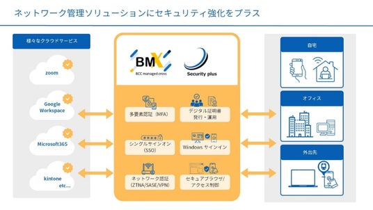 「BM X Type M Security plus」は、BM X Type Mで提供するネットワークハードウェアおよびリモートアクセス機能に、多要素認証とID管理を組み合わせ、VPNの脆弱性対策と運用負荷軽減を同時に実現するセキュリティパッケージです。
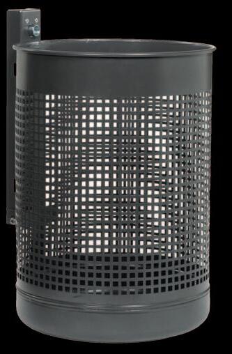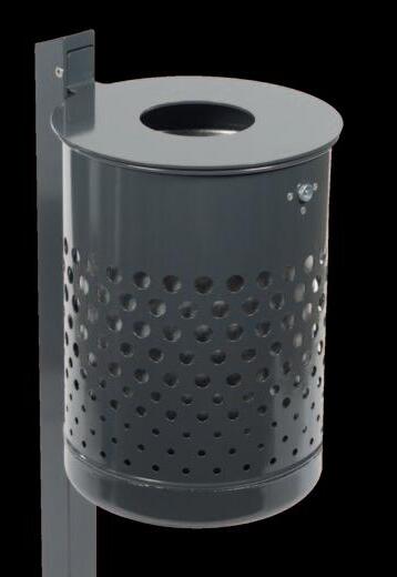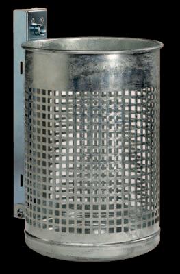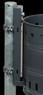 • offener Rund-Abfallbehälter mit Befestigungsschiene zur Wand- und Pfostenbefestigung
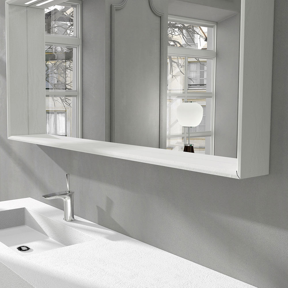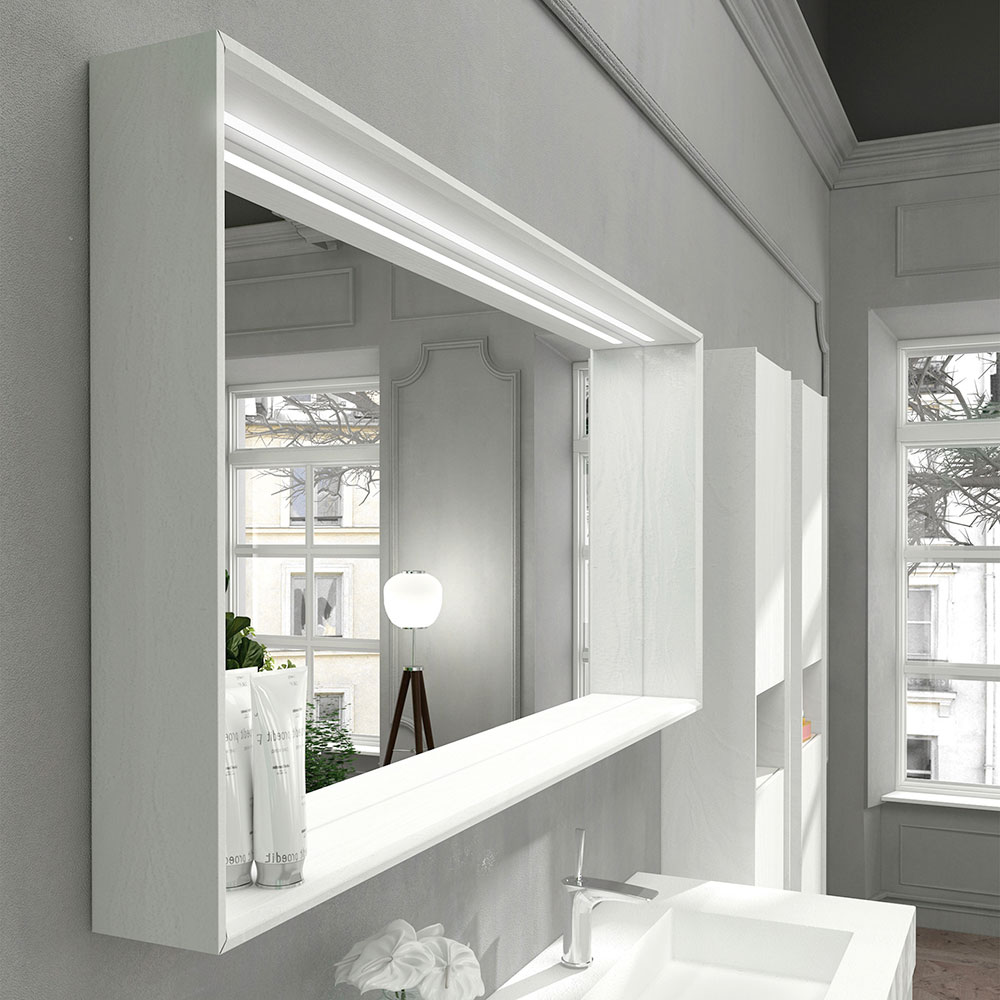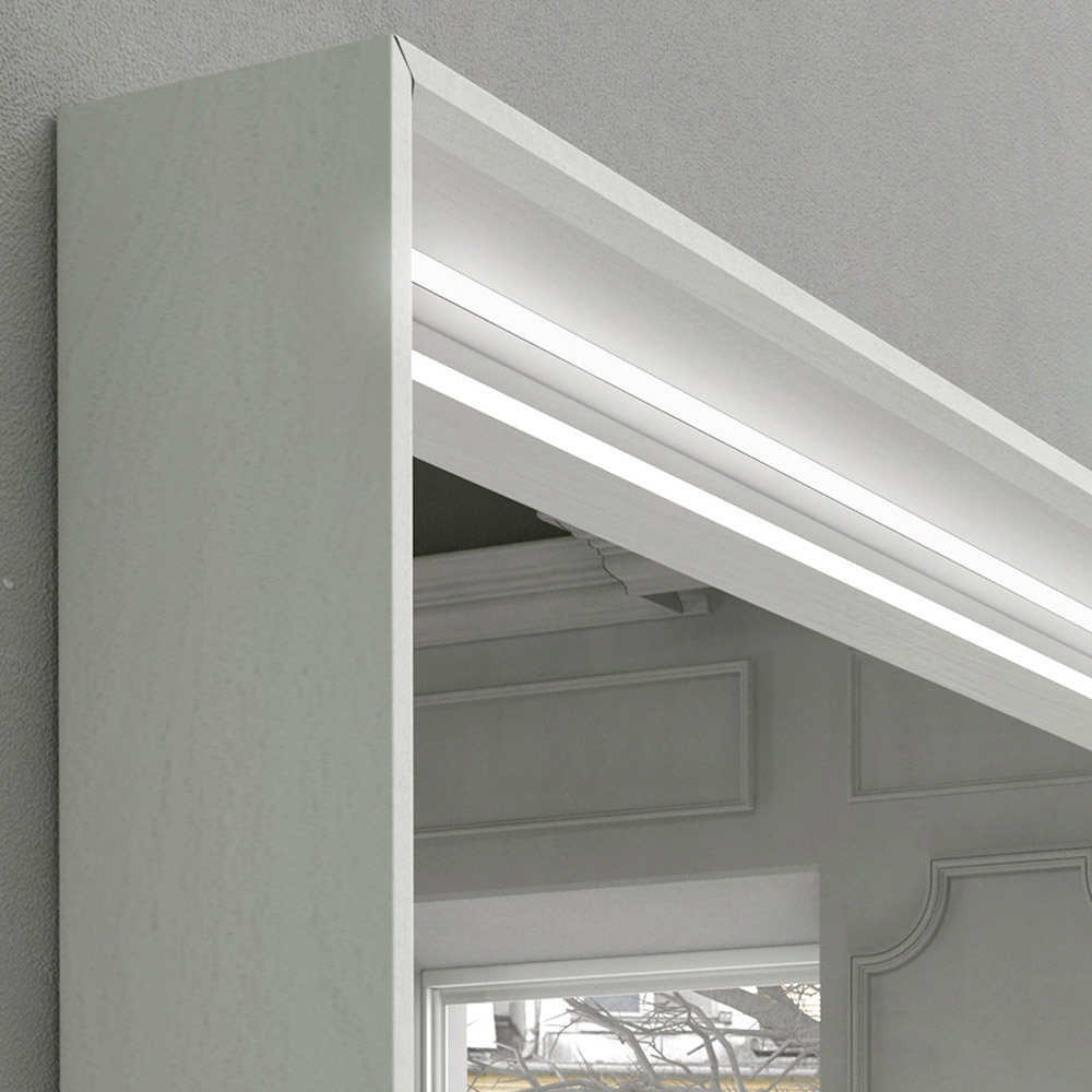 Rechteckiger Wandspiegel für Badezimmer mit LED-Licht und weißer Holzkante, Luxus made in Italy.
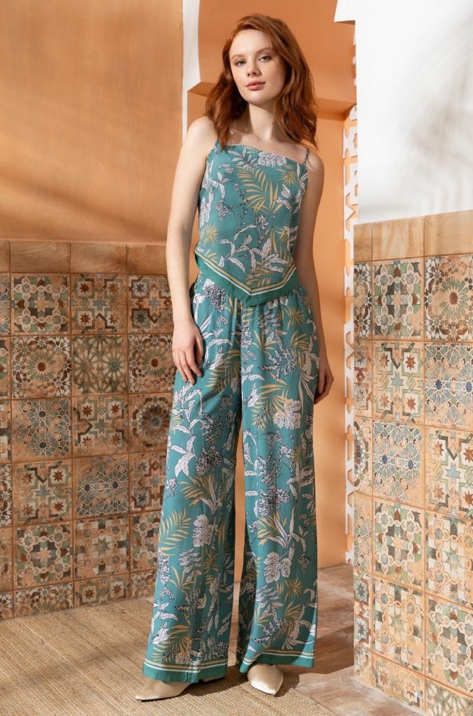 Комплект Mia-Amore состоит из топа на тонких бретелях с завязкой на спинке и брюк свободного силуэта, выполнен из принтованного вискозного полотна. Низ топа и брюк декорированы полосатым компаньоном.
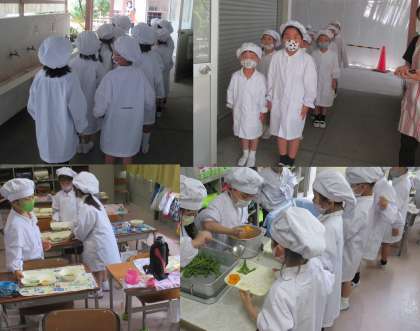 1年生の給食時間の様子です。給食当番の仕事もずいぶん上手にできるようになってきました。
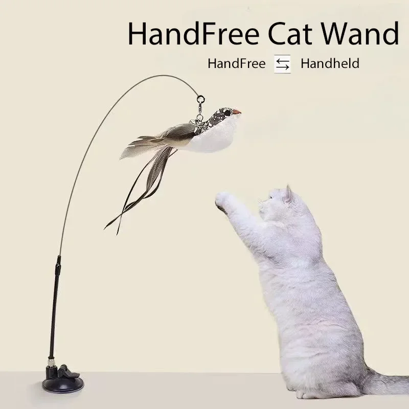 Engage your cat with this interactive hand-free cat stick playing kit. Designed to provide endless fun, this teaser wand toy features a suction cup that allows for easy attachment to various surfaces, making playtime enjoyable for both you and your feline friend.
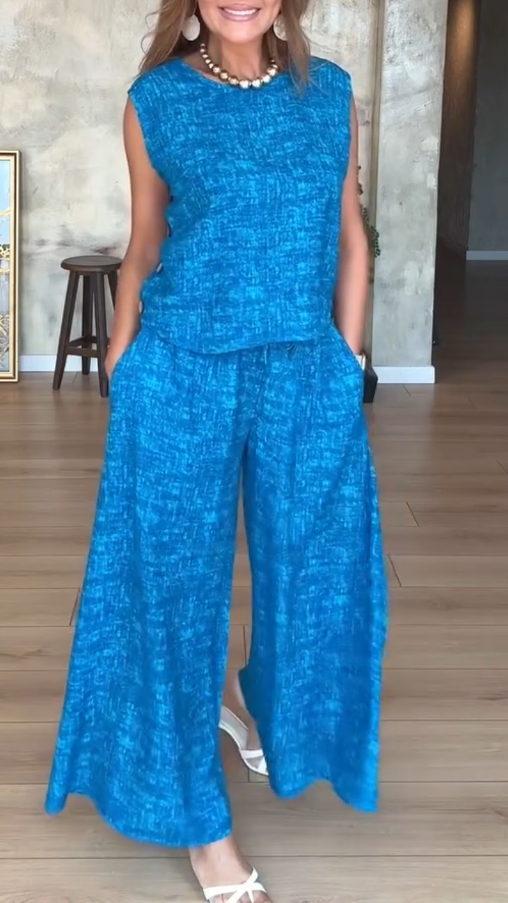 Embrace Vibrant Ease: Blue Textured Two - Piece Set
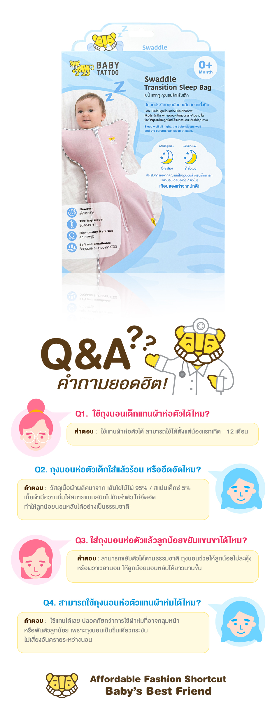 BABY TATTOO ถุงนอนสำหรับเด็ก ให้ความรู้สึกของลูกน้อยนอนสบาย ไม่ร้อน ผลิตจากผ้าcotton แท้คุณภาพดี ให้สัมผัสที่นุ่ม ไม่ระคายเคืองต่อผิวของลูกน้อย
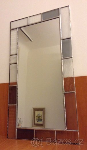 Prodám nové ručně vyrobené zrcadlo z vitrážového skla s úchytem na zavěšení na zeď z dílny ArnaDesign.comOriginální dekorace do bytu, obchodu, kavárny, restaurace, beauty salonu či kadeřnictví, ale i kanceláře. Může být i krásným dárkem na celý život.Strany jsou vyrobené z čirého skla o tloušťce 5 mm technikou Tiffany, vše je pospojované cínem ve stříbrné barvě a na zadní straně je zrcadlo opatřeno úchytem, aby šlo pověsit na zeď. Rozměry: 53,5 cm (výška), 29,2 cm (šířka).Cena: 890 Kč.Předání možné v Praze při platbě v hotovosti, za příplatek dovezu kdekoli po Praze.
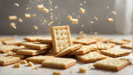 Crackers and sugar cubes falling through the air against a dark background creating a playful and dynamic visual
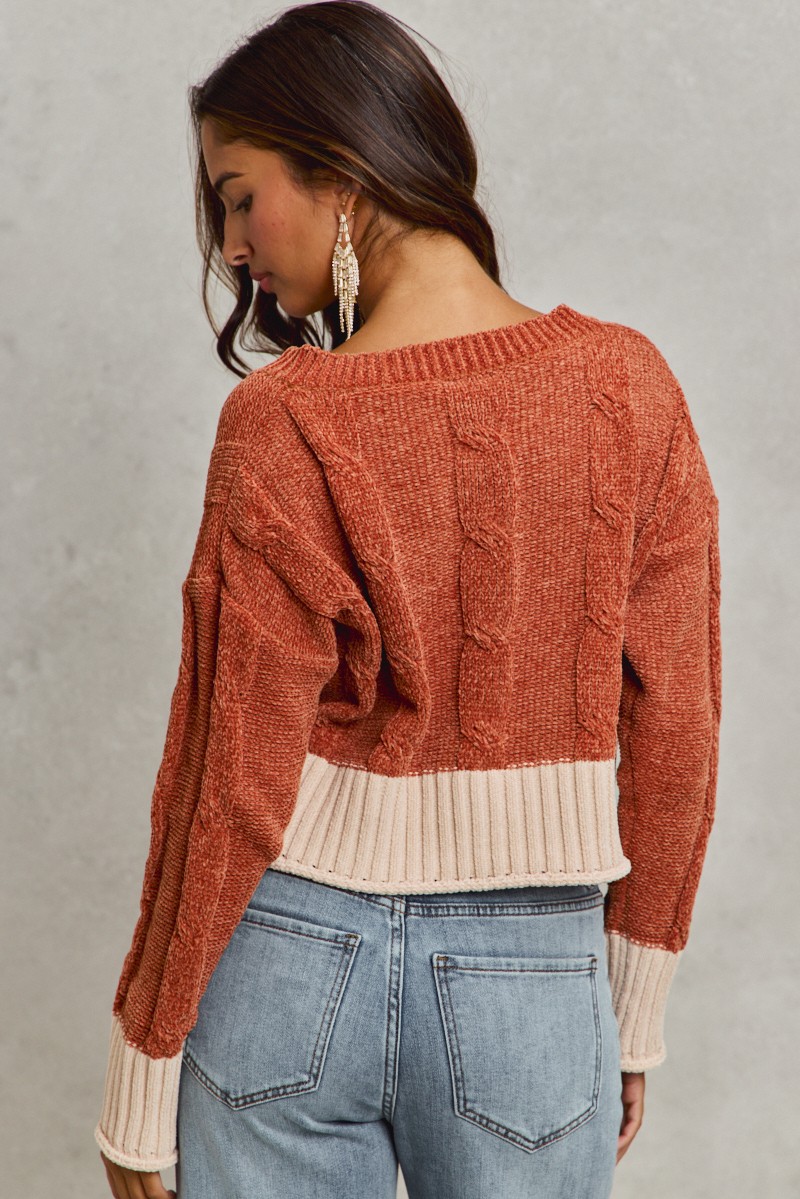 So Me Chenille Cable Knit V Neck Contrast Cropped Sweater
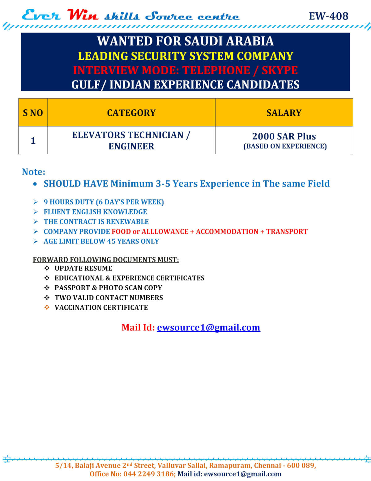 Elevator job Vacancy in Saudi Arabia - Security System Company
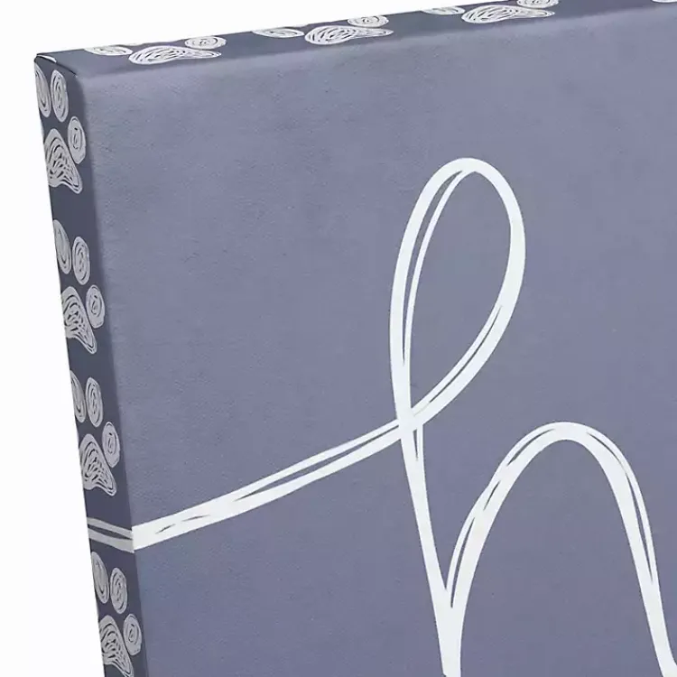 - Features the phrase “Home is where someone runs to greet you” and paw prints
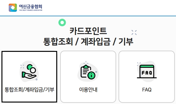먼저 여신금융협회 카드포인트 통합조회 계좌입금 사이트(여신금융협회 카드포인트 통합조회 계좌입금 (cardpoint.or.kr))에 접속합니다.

[REQUIRED WORK]
Line by line, print the records exactly, leaving the pictures behind.

[ANSWER SECTION]
 「BM X Type M Security plus」は、BM X Type Mで提供するネットワークハードウェアおよびリモートアクセス機能に、多要素認証とID管理を組み合わせ、VPNの脆弱性対策と運用負荷軽減を同時に実現するセキュリティパッケージです。
 • offener Rund-Abfallbehälter mit Befestigungsschiene zur Wand- und Pfostenbefestigung
 Rechteckiger Wandspiegel für Badezimmer mit LED-Licht und weißer Holzkante, Luxus made in Italy.
 Комплект Mia-Amore состоит из топа на тонких бретелях с завязкой на спинке и брюк свободного силуэта, выполнен из принтованного вискозного полотна. Низ топа и брюк декорированы полосатым компаньоном.
 1年生の給食時間の様子です。給食当番の仕事もずいぶん上手にできるようになってきました。
 Engage your cat with this interactive hand-free cat stick playing kit. Designed to provide endless fun, this teaser wand toy features a suction cup that allows for easy attachment to various surfaces, making playtime enjoyable for both you and your feline friend.
 Embrace Vibrant Ease: Blue Textured Two - Piece Set
 BABY TATTOO ถุงนอนสำหรับเด็ก ให้ความรู้สึกของลูกน้อยนอนสบาย ไม่ร้อน ผลิตจากผ้าcotton แท้คุณภาพดี ให้สัมผัสที่นุ่ม ไม่ระคายเคืองต่อผิวของลูกน้อย
 Prodám nové ručně vyrobené zrcadlo z vitrážového skla s úchytem na zavěšení na zeď z dílny ArnaDesign.comOriginální dekorace do bytu, obchodu, kavárny, restaurace, beauty salonu či kadeřnictví, ale i kanceláře. Může být i krásným dárkem na celý život.Strany jsou vyrobené z čirého skla o tloušťce 5 mm technikou Tiffany, vše je pospojované cínem ve stříbrné barvě a na zadní straně je zrcadlo opatřeno úchytem, aby šlo pověsit na zeď. Rozměry: 53,5 cm (výška), 29,2 cm (šířka).Cena: 890 Kč.Předání možné v Praze při platbě v hotovosti, za příplatek dovezu kdekoli po Praze.
 Crackers and sugar cubes falling through the air against a dark background creating a playful and dynamic visual
 So Me Chenille Cable Knit V Neck Contrast Cropped Sweater
 Elevator job Vacancy in Saudi Arabia - Security System Company
 - Features the phrase “Home is where someone runs to greet you” and paw prints
먼저 여신금융협회 카드포인트 통합조회 계좌입금 사이트(여신금융협회 카드포인트 통합조회 계좌입금 (cardpoint.or.kr))에 접속합니다.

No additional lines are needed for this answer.